Nuovi poveri Proposta inviata al Sindaco, ai Capigruppo e al Presidente del Consiglio comunale
Gentilissimo Sindaco,
a Persiceto risiedono donne e uomini che mai prima d’ora avevano dovuto sperimentare condizioni di vita tanto problematiche.
L’impatto del coronavirus è devastante e sta creando una nuova classe sociale di indigenti: i nuovi poveri che non riescono più a sbarcare il lunario e faticano a persino a fare la spesa.
A rischio operai, autonomi e negozianti che loro malgrado si sono ritrovati senza nulla in tasca. Chi ha perso il lavoro, chi ha dovuto chiudere, chi svolgeva attività saltuarie e non gode di sussidi pubblici. Giovani e anziani, famiglie che non hanno abbastanza risparmi da parte.
Per ripartire insieme il Comune ha il dovere di non lasciare indietro nessuno e di aiutare la schiera di nuovi poveri cui il virus sta portando via lavoro e risparmi.
Eppure la Giunta ha partorito le linee guida dei buoni spesa (Delibera n.37 del 03/04/2020) solo dopo l’assegnazione da parte della Protezione Civile dei 149.991,85€ da destinare a misure urgenti di solidarietà alimentare (Ordinanza n.658 del 29/03/2020). Così a un mese dall’inizio della crisi tarderanno ancor di più ad arrivare.
L’emergenza sociale non ha precedenti dal dopoguerra, ma è sempre la burocrazia a farla da padrona con un bando per dei buoni spesa che saranno assegnati solo a procedura conclusa.
Una scelta politica indecifrabile che rischia di lasciare senza aiuti ancora a lungo proprio chi si vergogna di trovarsi per prima volta in queste difficoltà.
In pochi giorni si sono susseguite due delibere di Giunta con la modifica dei requisiti iniziali, lasciando però immutata la barriera d’ingresso dei 600€ di reddito mensile per nucleo famigliare a prescindere dal numero dei componenti.
Poi sono stati pubblicati tre avvisi e modificato per due volte il modulo di richiesta senza preoccuparsi di come avrebbe fatto a saperlo chi era fuori dalla rete chiuso in casa. Nessun altoparlante, nessun volantino come invece per i divieti.

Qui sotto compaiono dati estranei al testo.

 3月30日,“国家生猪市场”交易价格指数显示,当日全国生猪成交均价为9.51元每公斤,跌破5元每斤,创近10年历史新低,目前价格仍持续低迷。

Dopo soltanto tre settimane è scaduto il tempo per mandare la richiesta via mail o consegnarla nella famigerata buchetta a fianco dello scalone, ovviamente solo per chi poteva stampare, scansionare e fotocopiare tutta la documentazione.

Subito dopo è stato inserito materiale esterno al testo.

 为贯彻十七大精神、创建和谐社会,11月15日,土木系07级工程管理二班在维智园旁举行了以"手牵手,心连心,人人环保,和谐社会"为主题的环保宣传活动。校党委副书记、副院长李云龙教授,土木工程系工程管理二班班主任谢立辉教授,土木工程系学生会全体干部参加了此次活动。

Alla fine, nonostante le linee guida labirintiche e il bando chiuso, sono 408 le domande pervenute, una foto inedita della crepa aperta nel paese. Soltanto 172 quelle accolte per un importo in buoni spesa di 45.225€ rispetto ai quasi 150.000€ disponibili. Tante le domande escluse, ben 236, la maggior parte per reddito superiore, domanda incompleta o pervenuta oltre i termini.
Sorpresa. Non hanno scritto da nessuna parte quando e quanti buoni spesa ti daranno alla fine del bando.
Non è andata bene per niente e dopo poco più di un mese il Comune deve pubblicare un nuovo avviso per i 104.766,85€ non ancora assegnati, il quarto “Avviso pubblico per la erogazione di buoni spesa per generi alimentari e prodotti di prima necessità e relativo modulo di richiesta”. Alcuni requisiti sono stati modificati, ma la procedura resta comunque quella.
L’istruttoria è ancora in corso, ma ci sono alcune lezioni che si possono già imparare.
Il Comune non ha ancora aiutato tutte le persone che lo hanno richiesto e ci sono più domande che risposte a persone e famiglie mai viste prima, nuovi poveri che rischiano di restare senza reddito ancora a lungo.
Una disperazione sociale che è un effetto collaterale del virus. E che in autunno sarà ancora più drammatica se non si mette in quarantena la burocrazia.
Pertanto, chiedo di rendere operativa senza indugi la proposta civica originaria del voucher famiglia. Un contributo tempestivo alle famiglie in difficoltà per affrontare le spese più urgenti, non solo per il cibo, ma anche per le bollette e l’affitto ad esempio. Il contributo dovrà essere erogato dal Comune direttamente in conto corrente entro pochi giorni dalla richiesta.
Per fare questo saranno utilizzati anche i contributi raccolti dal Comune attraverso il conto corrente dedicato alle donazioni per persone in difficoltà economica che dalla metà di marzo ai primi di aprile già ammontava a più di 30 mila euro.